Problem >> Could you print the listing again exactly, omitting the pictures?

*** Stored data ***

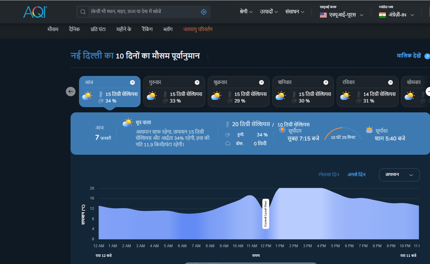 मौसम विभाग के अनुसार 7 जनवरी, 2026 को दिल्ली में ठंड का मौसम जारी रहेगा, न्यूनतम तापमान 5-7 डिग्री सेल्सियस और अधिकतम तापमान 16-18 डिग्री सेल्सियस के आसपास रहेगा। सुबह के समय हल्की से मध्यम धुंध छाने की संभावना है। दिल्ली में बढ़ते प्रदूषण के चलते वायु गुणवत्ता सूचकांक (AQI) में सुधार होकर यह खराब श्रेणी में आ गया है। आप एक्यूआई की वेबसाइट पर जाकर दिल्ली के मौसम के बारे में जानकारी ले सकते हैं।
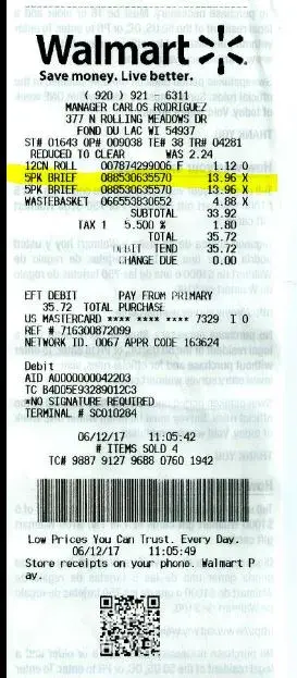 I purchased two five pack men's boxer briefs from local Walmart Store on 6/12/2017. The seam between the leg openings on a couple of the briefs have opened on some of the briefs after only 6 machine washings. The briefs are medium in size and fit my 164 pound body comfortably. I am requesting a refund of $14.73 (13.96 cost of one of the five packs plus Wisconsin Sales Tax (5.5%) of 0.77). I have attached the purchase receipt as well as a picture of one of the briefs with showing the seam opening.
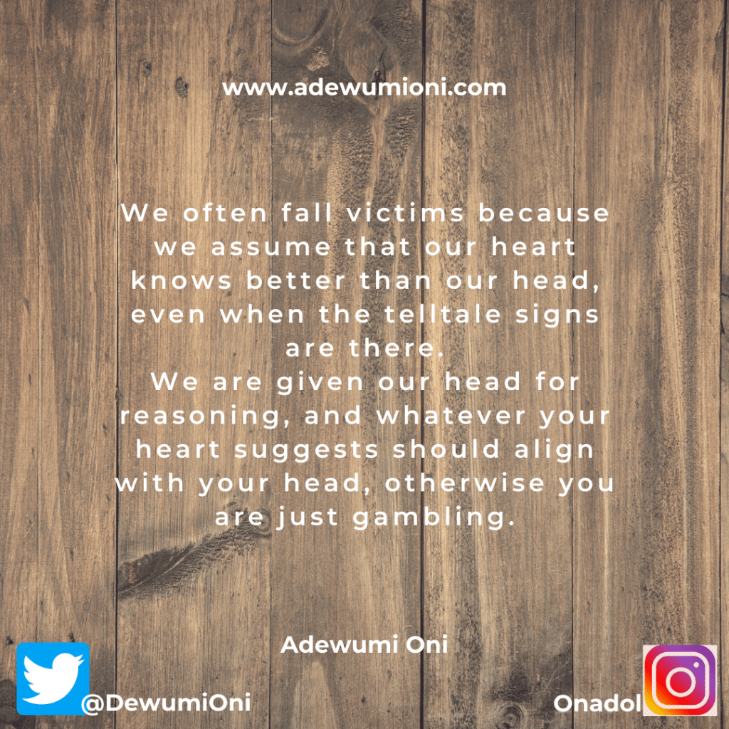 ‘Head over heart’ is an important rule that will save you a lot of troubles, always keep that in mind.

*** End of Stored data ***

Reply to the exercise >>
 मौसम विभाग के अनुसार 7 जनवरी, 2026 को दिल्ली में ठंड का मौसम जारी रहेगा, न्यूनतम तापमान 5-7 डिग्री सेल्सियस और अधिकतम तापमान 16-18 डिग्री सेल्सियस के आसपास रहेगा। सुबह के समय हल्की से मध्यम धुंध छाने की संभावना है। दिल्ली में बढ़ते प्रदूषण के चलते वायु गुणवत्ता सूचकांक (AQI) में सुधार होकर यह खराब श्रेणी में आ गया है। आप एक्यूआई की वेबसाइट पर जाकर दिल्ली के मौसम के बारे में जानकारी ले सकते हैं।
 I purchased two five pack men's boxer briefs from local Walmart Store on 6/12/2017. The seam between the leg openings on a couple of the briefs have opened on some of the briefs after only 6 machine washings. The briefs are medium in size and fit my 164 pound body comfortably. I am requesting a refund of $14.73 (13.96 cost of one of the five packs plus Wisconsin Sales Tax (5.5%) of 0.77). I have attached the purchase receipt as well as a picture of one of the briefs with showing the seam opening.
 ‘Head over heart’ is an important rule that will save you a lot of troubles, always keep that in mind.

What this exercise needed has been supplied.